Filme do Dia: O Mundo do Silêncio e da Escuridão (1971), Werner Herzog

 


O Mundo do Silêncio e da Escuridão (Land des Schweigens und der Dunkelheit, Al. Ocidental, 1971). Direção e Rot. Original: Werner Herzog. Fotografia: Jörg Schmidt-Reitwen. Montagem: Beate Mainka-Jellinghaus.

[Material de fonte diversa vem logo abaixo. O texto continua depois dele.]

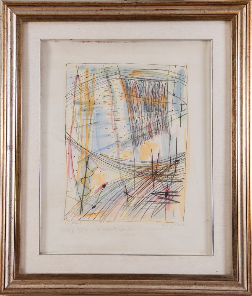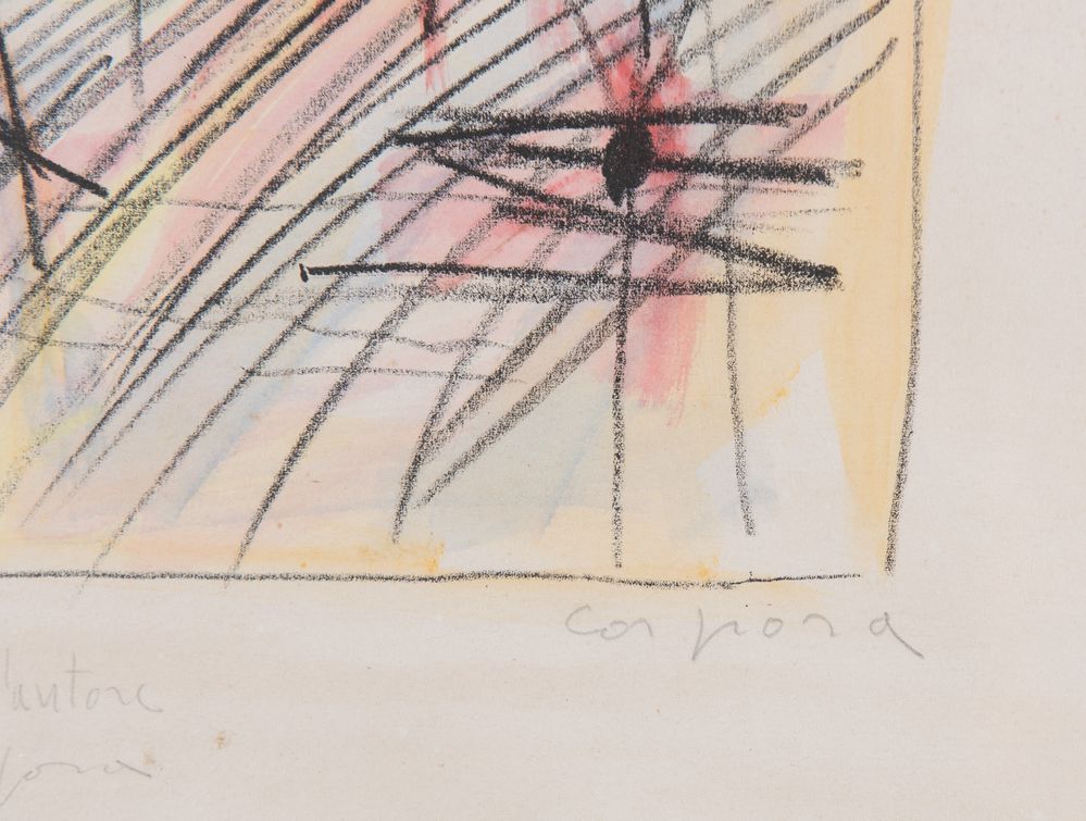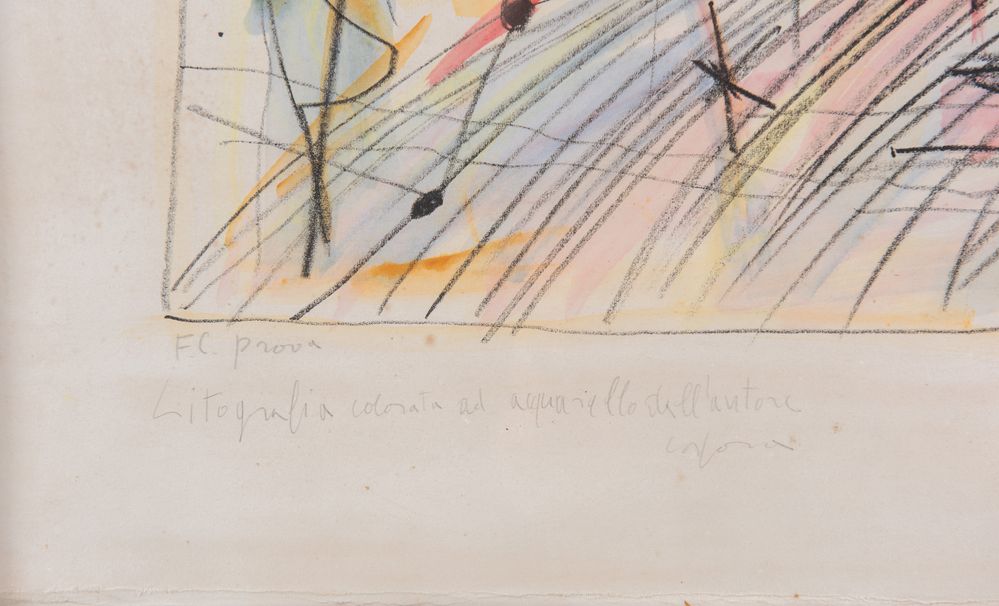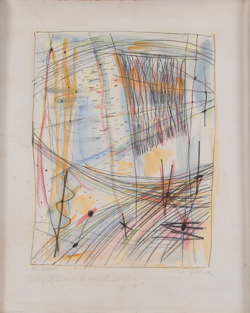 ANTONIO CORPORA (Tunisi 1909 - Roma 2004) "Senza titolo". Litografia a con interventi ad acquerello su carta. Foglio: cm 60x50. Opera firmata in basso a destra Corpora. Reca numeri di tiratura in basso a sinistra FC prova. In basso al centro reca scritta con tecnica firmata dall'artista.

Nesse tocante documentário, talvez o melhor dentre os filmes de Herzog, e certamente bem menos conhecido que suas obras ficcionais referenciais, o cineasta apresenta, de forma mais explícita e sem rodeios, um dos seus “personagens” “maiores que a vida”, tal qual muitos dos ficcionais (Aguirre e Kaspar Hauser, para ficar em apenas dois exemplos). E os sofrimentos e lacunas impostos a tais personagens, sejam ficcionais ou documentais, acaba por torna-los representações improváveis da própria vida e sensibilidade humanas. No caso em questão aqui, acompanha-se a trajetória de Fini Straubinger, uma velha senhora que perdeu sua visão e audição quando adolescente, agora uma liderança em sua cruzada por melhores condições de vida e comunicação para pessoas como ela ou com deficiências outras, de ordem neurológica. Dois momentos são bem marcantes. O que Fini e uma amiga também surda levantam voo a primeira vez (ao som da Abertura n. 03 em D Maior, BWV 1068). E o que ela evoca suas memórias de quando perdeu a visão e posteriormente audição, onde seu depoimento direto para a câmera, num raro momento de utilização de tal recurso, é intercalado com fotografias da sua juventude. O filme a todo momento parece perquirir a possibilidade de compartilhar qualquer possibilidade de expressão outra daqueles que não possuem os meios usuais de faze-la – boa parte dos comentários do narrador, de tom de voz semelhante ao do realizador, vão nesse sentido. Referat für Filmgeschichte/Werner Herzog Filmproduktion. 85 minutos.